Gérard Aschieri,  Libertés et responsabilités pour une école démocratique,  Numéro 22

Enseignant, fonctionnaire et citoyen

Face aux tentations managériales et autoritaires qui se développent pour encadrer et corseter le métier d’enseignant au service d’une politique néo libérale, le statut de fonctionnaire dont relèvent les enseignants est à la fois la garantie d’un exercice responsable et citoyen de leur métier et la réponse aux besoins d’un service public assurant à tous l’accès à une éducation de qualité.

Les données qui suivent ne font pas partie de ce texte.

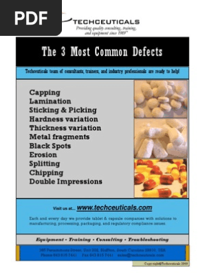 Tablet capping and lamination powder compaction is widely used to produce pharmaceutical tablets and is referred to as a tabletting process.

Dans son audition devant une commission du Sénat[1]Audition par la commission de la culture du Sénat, le 10 mars 2021., l’Inspecteur Général honoraire Jean Pierre Obin défend à juste titre l’idée d’une formation des enseignants à la laïcité mais il préconise de la contrôler strictement et d’en bannir certains universitaires comme « Jean Baubérot ou sa disciple Mme Zuber qui diffusent dans les médias et à l’université des conceptions de la laïcité qui sont complètement en opposition avec celle du ministre ». Derrière cette préconisation, qui nie l’intérêt du débat scientifique et relève de la chasse aux sorcières, se dissimule une conception rétrograde du métier d’enseignant, conçu comme un métier d’exécution, au service d’un ministre et de sa pensée. Une conception que l ‘on retrouve depuis quelques années dans les tentatives incessantes de caporalisation des enseignants et d’encadrement tant de leur liberté pédagogique que de leur liberté d ‘expression. Tout le contraire de ce qu’implique le statut des fonctionnaires dont ceux-ci relèvent.

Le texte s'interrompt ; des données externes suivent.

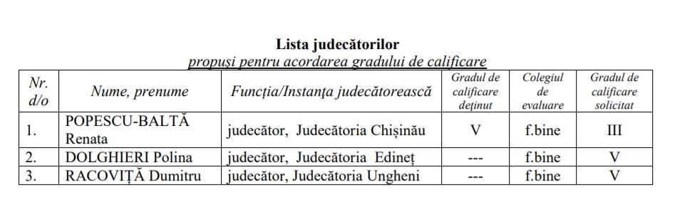 (update 9:55) Cu 8 voturi pro și 4 contra, CSM a decis conferirea gradului de calificare 4 judecătoarei Popescu Baltă Renata, de la judecător, Judecătoria Chișinău, și cu câte 12 voturi pro și 0 împotrivă – gradului de calificare 5 judecătorilor Dolghieri Polina, Judecătoria Edineț și Racoviță Dumitru, Judecătoria Ungheni.

La fonction publique : une construction moderne et démocratique.

De fait notre République a fait le choix de mettre en place une fonction publique reposant sur la loi et non le contrat et celle-ci (à la différence d’autres pays) inclut les enseignants et autres personnels du service public d’éducation. Ce choix repose sur l’idée – toujours actuelle – que les fonctionnaires sont au service de l’intérêt général et que, pour cette raison, leur indépendance doit être assurée vis-à-vis des pressions politiques, religieuses ou économiques, voire de l’arbitraire administratif : pour la garantir il est nécessaire de recourir à la loi, expression de la volonté générale, plutôt qu’au contrat où c’est l’accord des deux parties qui fait la règle.

C’est cette orientation, qui a été confirmée et enrichie par la construction statutaire adoptée en 1983, consacrant la conception du fonctionnaire citoyen.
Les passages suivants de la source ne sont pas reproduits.